══ COLLECTED MATERIAL

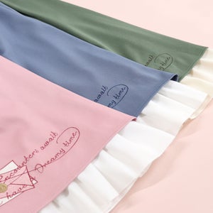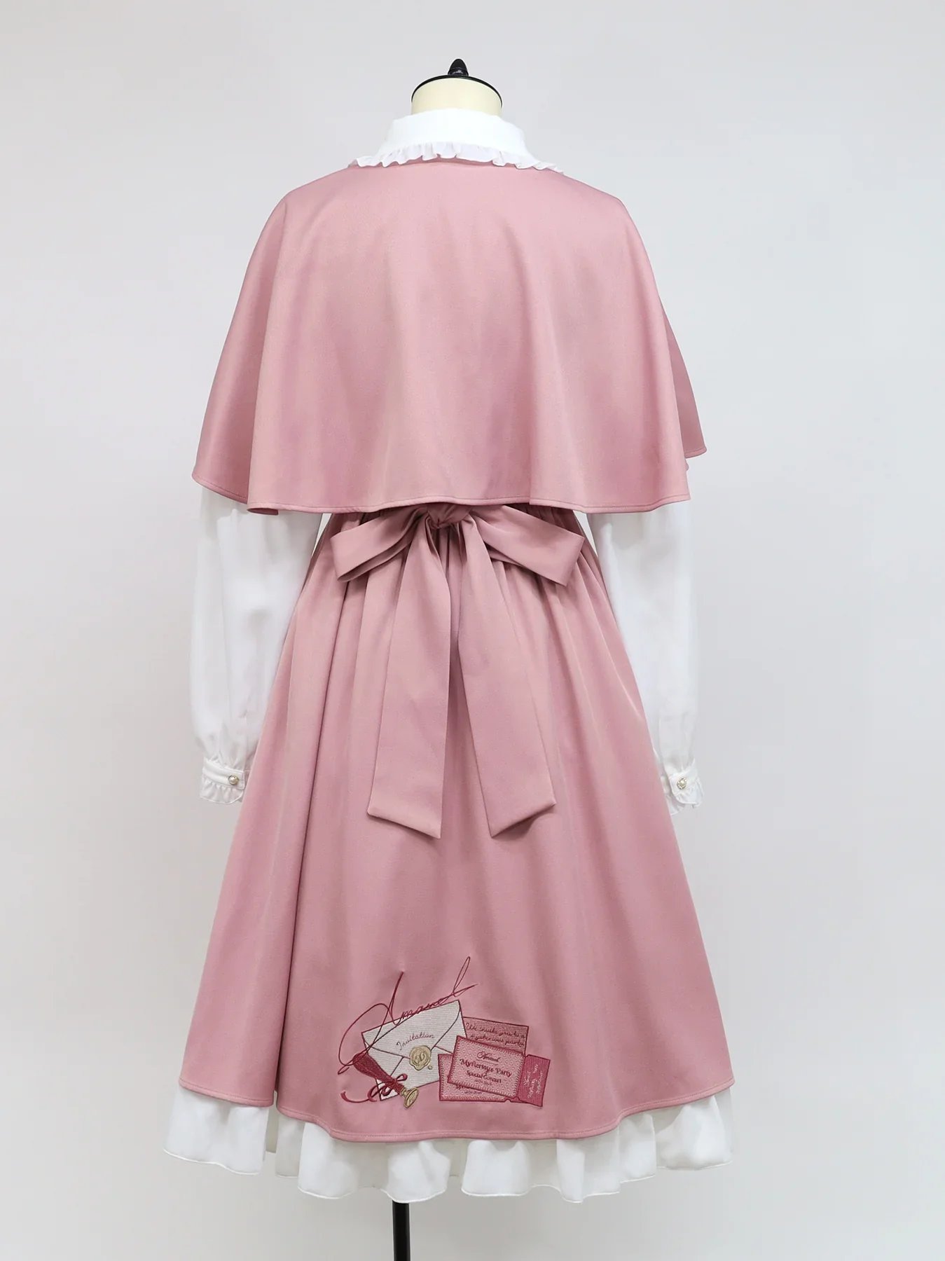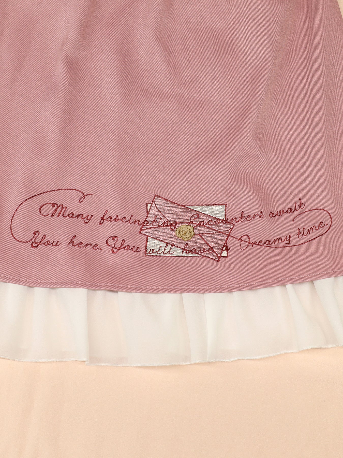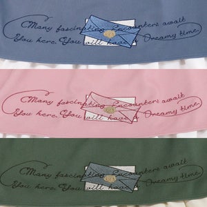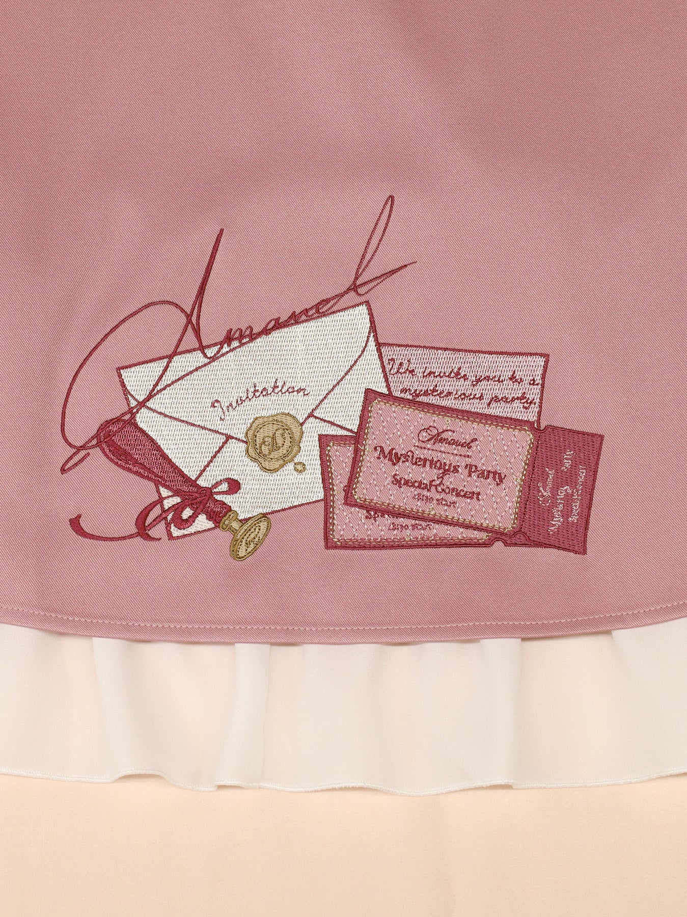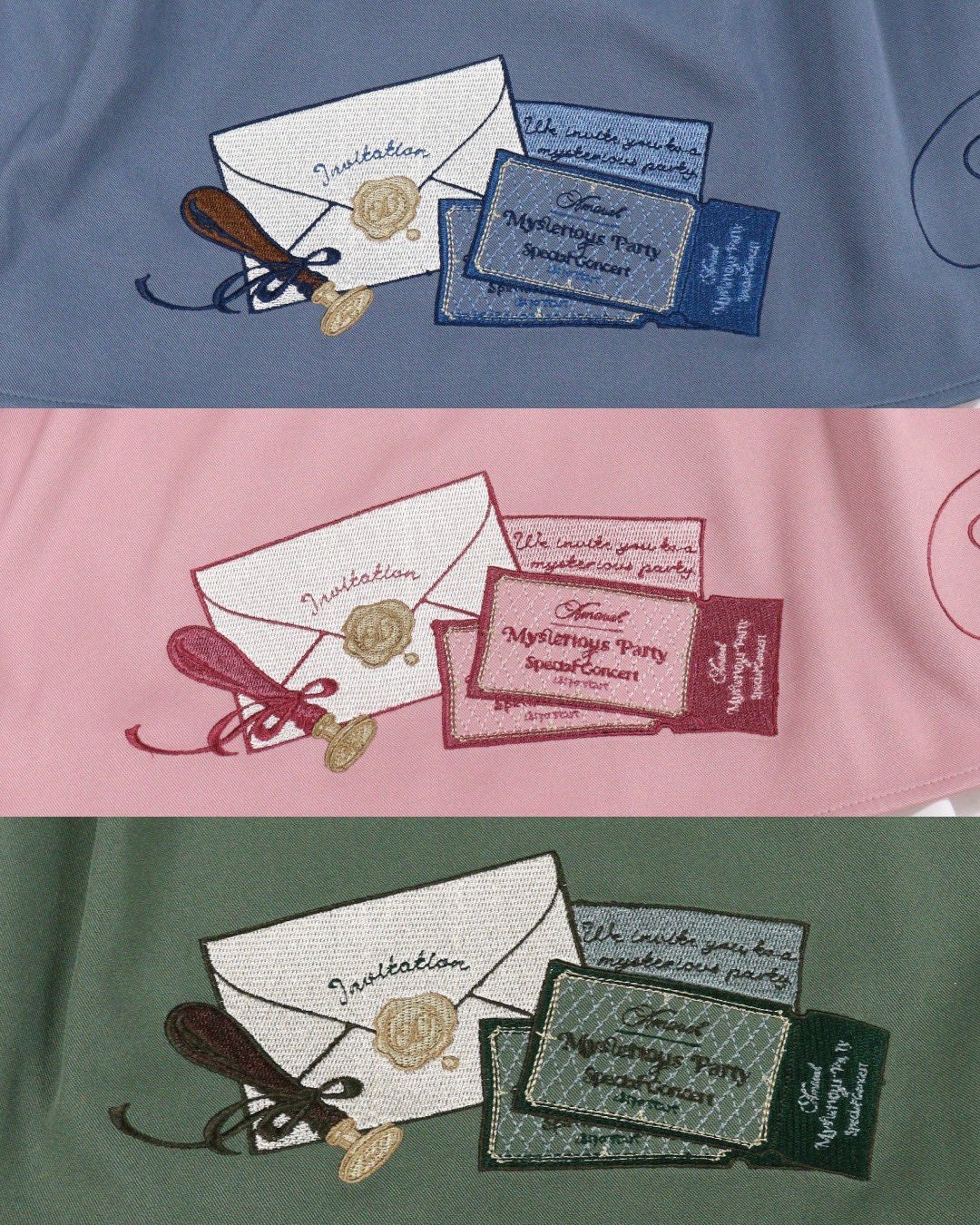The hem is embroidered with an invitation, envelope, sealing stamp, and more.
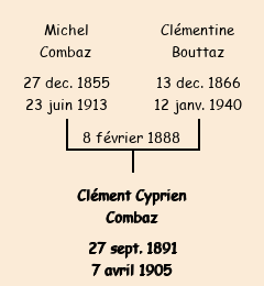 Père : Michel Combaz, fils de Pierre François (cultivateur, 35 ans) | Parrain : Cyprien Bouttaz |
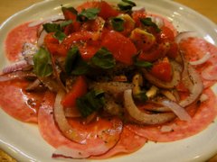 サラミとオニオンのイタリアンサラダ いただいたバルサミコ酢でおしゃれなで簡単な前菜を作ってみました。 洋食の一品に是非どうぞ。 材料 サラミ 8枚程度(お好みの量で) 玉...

════

TO DO: Every line above is to be duplicated exactly; no picture should be carried over.

SOLUTION TO THE PROBLEM:
The hem is embroidered with an invitation, envelope, sealing stamp, and more.
 Père : Michel Combaz, fils de Pierre François (cultivateur, 35 ans) | Parrain : Cyprien Bouttaz |
 サラミとオニオンのイタリアンサラダ いただいたバルサミコ酢でおしゃれなで簡単な前菜を作ってみました。 洋食の一品に是非どうぞ。 材料 サラミ 8枚程度(お好みの量で) 玉...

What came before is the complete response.